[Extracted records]
=== Begin Enclosure ===
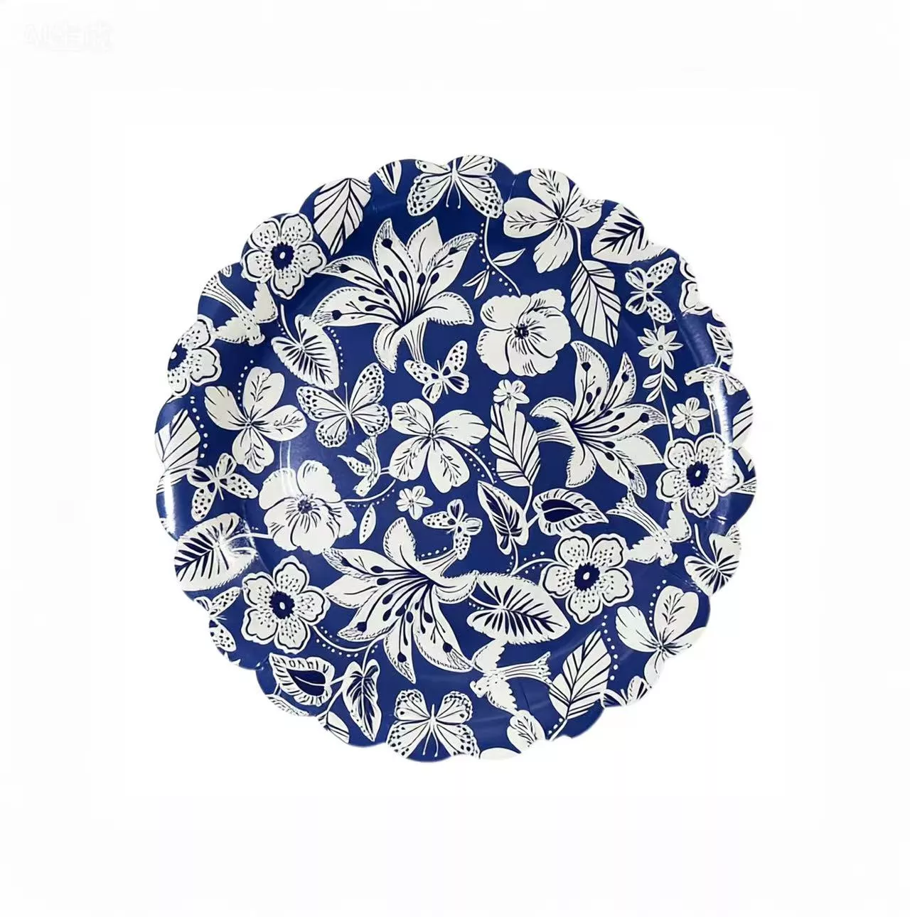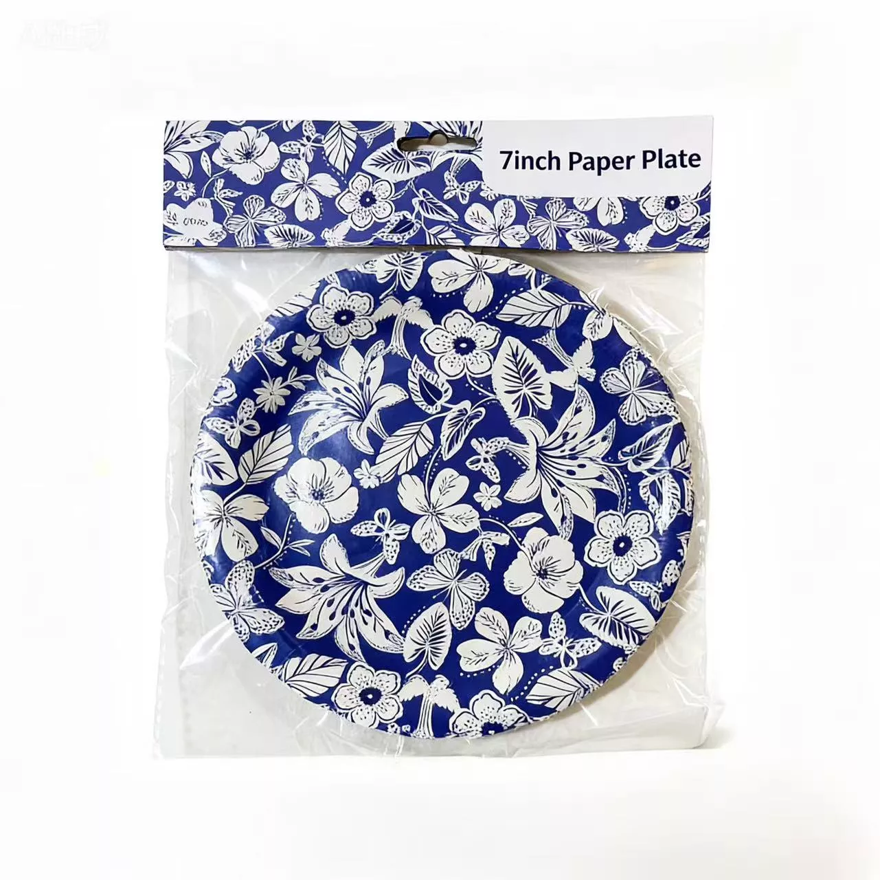 7 Inch Blue Flower Wave Paper Plate 6pcs
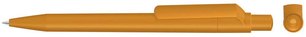 Druckkugelschreiber mit gedeckt mattem Gehäuse, Clip, Drücker und Stopfen.
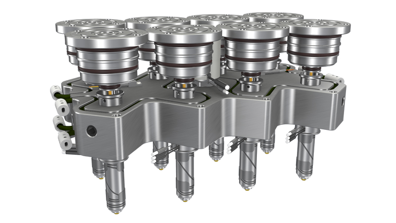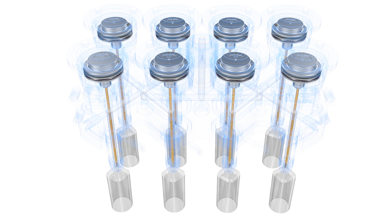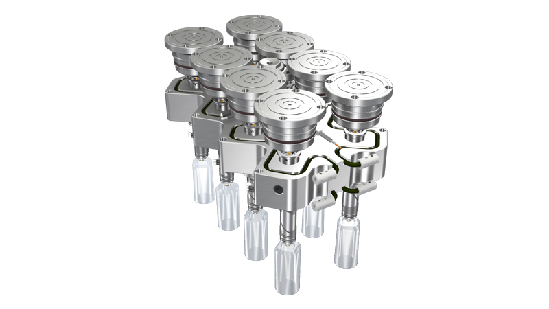 3. There are 8 cavities in this mold, manifold is made with two-layer channels, and cylinders are controlled by single one solenoid valve so as to guarantee stable and balanced filling.
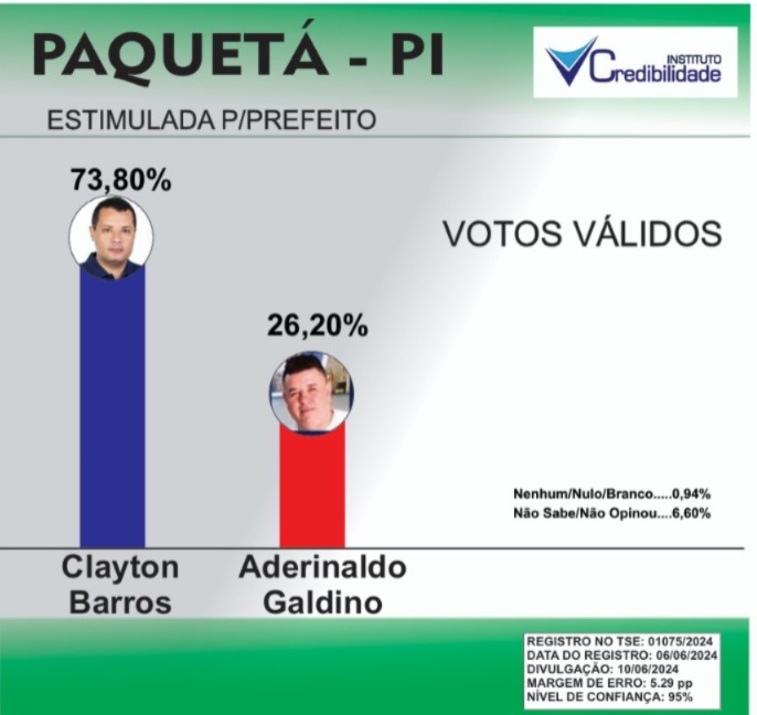 Nas intenções de votos válidos da pesquisa estimulada, DClayton Barros (PP) lidera com 73,80%, consolidando o favoritismo. O segundo colocado, Aderinaldo Galdino (MDB), obteve 26,20%. Os indecisos ou que não opinaram representam 6,60%, enquanto votos em branco ou nulos somam 0,94%.
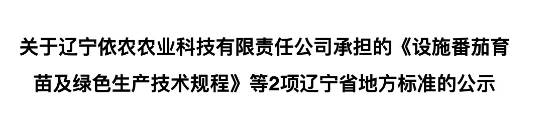 根據遼寧省地方標準管理辦法(遼農監(jiān)[2017]34號)要求,現將遼寧依農農業(yè)科技有限責任公司和遼寧省農業(yè)科學院共同承擔的《設施黃瓜育苗及綠色生產技術規(guī)程》征求意見稿和《設施番茄育苗及綠色生產技術規(guī)程》等2項遼寧省地方標準進行公示,并面向社會征求意見.
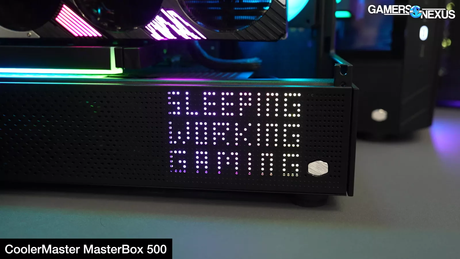 The MasterBox is a relatively uneventful case in that it matches other cases in its price point. The Box will be $140 for the glass variant and $120 for mesh. Both include a rear 120mm ARGB fan and the Mesh model includes 3 additional 120mm ARGB fans, totaling 4. The cases share the same tooling. Cooler Master intends for the LED side panel to be customizable, so the angsty LED lettering should be swappable to other pixel-based designs in software.
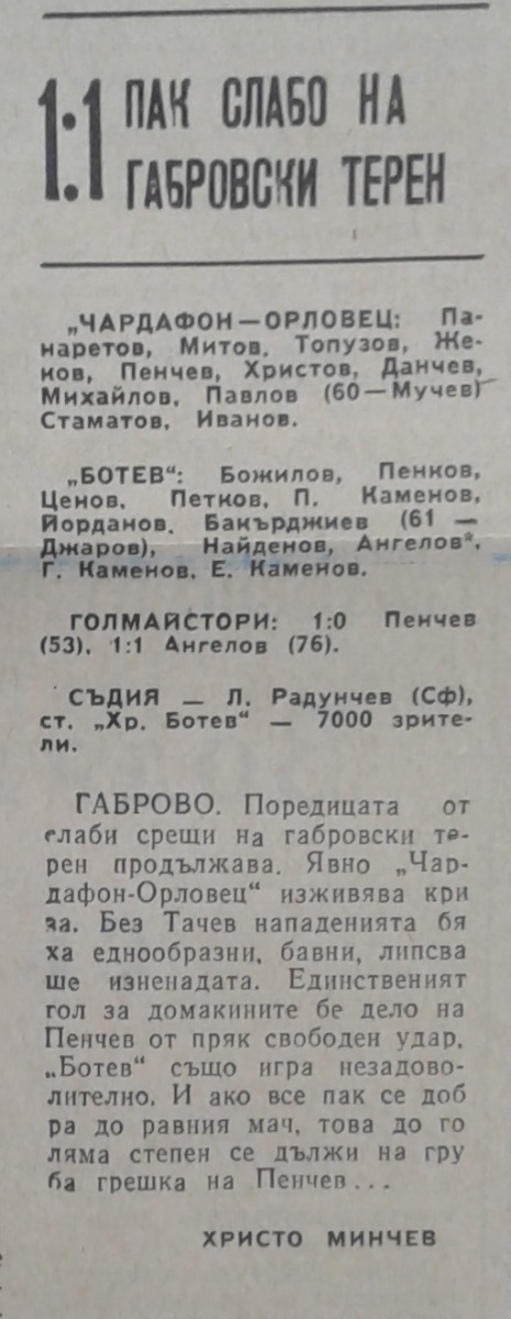 «Чардафон-Орловец» Габрово - «Ботев» Враца - 1:1
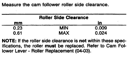Use a dial indicator to measure the cam follower to roller pin clearance.
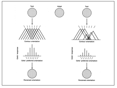 Here is how the orientation adaption effect is predicted by the multiple channel hypothesis.
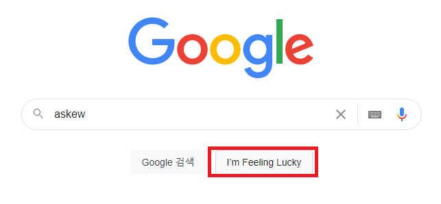 사실 I'm Feeling Lucky자체가 이런 기능을 가진것은 아닙니다. 해당 버튼은 구글에 어떤 키워드를 검색했을 때 가장 상단에 있는 사이트로 바로 연결해주는 기능입니다.
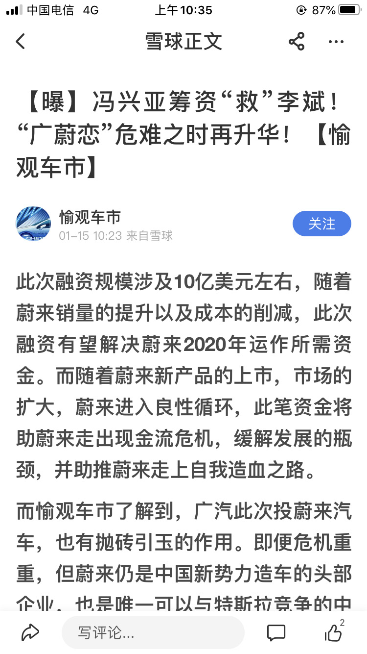 {"i18n":{"language":"zh_CN"},"detailType":1,"isChannel":false,"data":{"magic":2,"id":918545258,"tweetId":"918545258","gmtCreate":1579055974374,"gmtModify":1704338771727,"author":{"id":3540491595917127,"idStr":"3540491595917127","authorId":3540491595917127,"authorIdStr":"3540491595917127","name":"随便来个名字把","avatar":"https://static.laohu8.com/default-avatar.jpg","vip":1,"userType":1,"introduction":"","boolIsFan":false,"boolIsHead":false,"crmLevel":1,"crmLevelSwitch":0,"individualDisplayBadges":[],"fanSize":0,"starInvestorFlag":false},"themes":[],"images":[{"img":"https://static.tigerbbs.com/8c2d96a4ca0091a1b6605a0ea73a4126","width":"750","height":"1334"}],"coverImages":[{"img":"https://static.tigerbbs.com/8c2d96a4ca0091a1b6605a0ea73a4126","width":"750","height":"1334"}],"extraTitle":"","html":"<html><head></head><body> <a href=\"https://laohu8.com/S/NIO\">$蔚来(NIO)$</a>再来个100%<img src=\"https://static.tigerbbs.com/8c2d96a4ca0091a1b6605a0ea73a4126\" tg-width=\"750\" tg-height=\"1334\"></body></html>","htmlText":"<html><head></head><body> <a href=\"https://laohu8.com/S/NIO\">$蔚来(NIO)$</a>再来个100%<img src=\"https://static.tigerbbs.com/8c2d96a4ca0091a1b6605a0ea73a4126\" tg-width=\"750\" tg-height=\"1334\"></body></html>","text":"$蔚来(NIO)$再来个100%","highlighted":1,"essential":1,"paper":1,"likeSize":4,"commentSize":5,"repostSize":1,"favoriteSize":0,"link":"https://laohu8.com/post/918545258","repostId":0,"isVote":1,"tweetType":1,"viewCount":5030,"commentLimit":10,"likeStatus":false,"favoriteStatus":false,"reportStatus":false,"symbols":["NIO"],"verified":2,"subType":0,"readableState":1,"langContent":"CN","currentLanguage":"CN","warmUpFlag":false,"orderFlag":false,"shareable":true,"causeOfNotShareable":"","featuresForAnalytics":[],"commentAndTweetFlag":false,"andRepostAutoSelectedFlag":false,"upFlag":false,"length":21,"xxTargetLangEnum":"ZH_CN"},"commentList":[{"id":2067813,"commentId":"2067813","gmtCreate":1579061437017,"gmtModify":1579061437017,"authorId":3498606706555261,"author":{"id":3498606706555261,"idStr":"3498606706555261","authorId":3498606706555261,"name":"财神爷显灵","avatar":"https://static.tigerbbs.com/5aed8150a364196a925b61d5cd2aebb1","vip":1,"currentWearingBadge":{"badgeId":"e50ce593bb40487ebfb542ca54f6a561-4","templateUuid":"e50ce593bb40487ebfb542ca54f6a561","name":"明星虎友","description":"加入老虎社区2000天","bigImgUrl":"https://static.tigerbbs.com/dddf24b906c7011de2617d4fb3f76987","smallImgUrl":"https://static.tigerbbs.com/53d58ad32c97254c6f74db8b97e6ec49","grayImgUrl":"https://static.tigerbbs.com/6304700d92ad91c7a33e2e92ec32ecc1","redirectLinkEnabled":0,"hasAllocated":1,"isWearing":1,"stampPosition":0,"hasStamp":0,"allocationCount":1,"allocatedDate":"2024.02.20","individualDisplayEnabled":0,"individualDisplaySort":0,"categoryType":1001},"hat":"https://static.tigerbbs.com/f84d87792f02cf78e80ee34979fd31e5","crmLevel":2,"crmLevelSwitch":0,"individualDisplayBadges":[]},"repliedAuthorId":0,"objectId":918545258,"objectIdStr":"918545258","type":1,"supId":0,"supIdStr":"0","prevId":0,"prevIdStr":"0","content":"100%不可能,涨到13块应该还是可以的","text":"100%不可能,涨到13块应该还是可以的","html":"100%不可能,涨到13块应该还是可以的","likeSize":0,"commentSize":0,"subComments":[],"verified":10,"allocateAmount":0,"commentType":"valid","coins":0,"score":0,"disclaimerType":0},{"id":2067824,"commentId":"2067824","gmtCreate":1579061703433,"gmtModify":1579061703433,"authorId":3526032945875279,"author":{"id":3526032945875279,"idStr":"3526032945875279","authorId":3526032945875279,"name":"刘德志_0847","avatar":"https://static.tigerbbs.com/acd254792553ac34121d87c1a2d58cd5","vip":1,"crmLevel":7,"crmLevelSwitch":0,"individualDisplayBadges":[]},"repliedAuthorId":0,"objectId":918545258,"objectIdStr":"918545258","type":1,"supId":0,"supIdStr":"0","prevId":0,"prevIdStr":"0","content":"融资比销量更关键呀,必须翻一倍呀。","text":"融资比销量更关键呀,必须翻一倍呀。","html":"融资比销量更关键呀,必须翻一倍呀。","likeSize":0,"commentSize":0,"subComments":[],"verified":10,"allocateAmount":0,"commentType":"valid","coins":0,"score":0,"disclaimerType":0},{"id":2067642,"commentId":"2067642","gmtCreate":1579056233483,"gmtModify":1579056233483,"authorId":3533084678796733,"author":{"id":3533084678796733,"idStr":"3533084678796733","authorId":3533084678796733,"name":"給你壹个韭菜包","avatar":"https://static.tigerbbs.com/7f738c869c9e22180516f2e2b4baffd5","vip":1,"currentWearingBadge":{"badgeId":"e50ce593bb40487ebfb542ca54f6a561-2","templateUuid":"e50ce593bb40487ebfb542ca54f6a561","name":"资深虎友","description":"加入老虎社区1000天","bigImgUrl":"https://static.tigerbbs.com/0063fb68ea29c9ae6858c58630e182d5","smallImgUrl":"https://static.tigerbbs.com/96c699a93be4214d4b49aea6a5a5d1a4","grayImgUrl":"https://static.tigerbbs.com/35b0e542a9ff77046ed69ef602bc105d","redirectLinkEnabled":0,"hasAllocated":1,"isWearing":1,"stampPosition":0,"hasStamp":0,"allocationCount":1,"allocatedDate":"2022.06.29","individualDisplayEnabled":0,"individualDisplaySort":0,"categoryType":1001},"hat":"https://static.tigerbbs.com/b0a2963eb37c60c5d6d4a8dbcd266952","crmLevel":2,"crmLevelSwitch":0,"individualDisplayBadges":[]},"repliedAuthorId":0,"objectId":918545258,"objectIdStr":"918545258","type":1,"supId":0,"supIdStr":"0","prevId":0,"prevIdStr":"0","content":"做梦都要笑醒","text":"做梦都要笑醒","html":"做梦都要笑醒","likeSize":0,"commentSize":0,"subComments":[],"verified":10,"allocateAmount":0,"commentType":"valid","coins":0,"score":0,"disclaimerType":0},{"id":2067639,"commentId":"2067639","gmtCreate":1579056215035,"gmtModify":1579056215035,"authorId":3533084678796733,"author":{"id":3533084678796733,"idStr":"3533084678796733","authorId":3533084678796733,"name":"給你壹个韭菜包","avatar":"https://static.tigerbbs.com/7f738c869c9e22180516f2e2b4baffd5","vip":1,"currentWearingBadge
=== End Enclosure ===
Work task. Begin at the line in the entries above that has "Druckkugelschreiber mit gedeckt", stop after the line that has "Nas intenções de", and output exactly those lines without pictures.

Your response.
 Druckkugelschreiber mit gedeckt mattem Gehäuse, Clip, Drücker und Stopfen.
 3. There are 8 cavities in this mold, manifold is made with two-layer channels, and cylinders are controlled by single one solenoid valve so as to guarantee stable and balanced filling.
 Nas intenções de votos válidos da pesquisa estimulada, DClayton Barros (PP) lidera com 73,80%, consolidando o favoritismo. O segundo colocado, Aderinaldo Galdino (MDB), obteve 26,20%. Os indecisos ou que não opinaram representam 6,60%, enquanto votos em branco ou nulos somam 0,94%.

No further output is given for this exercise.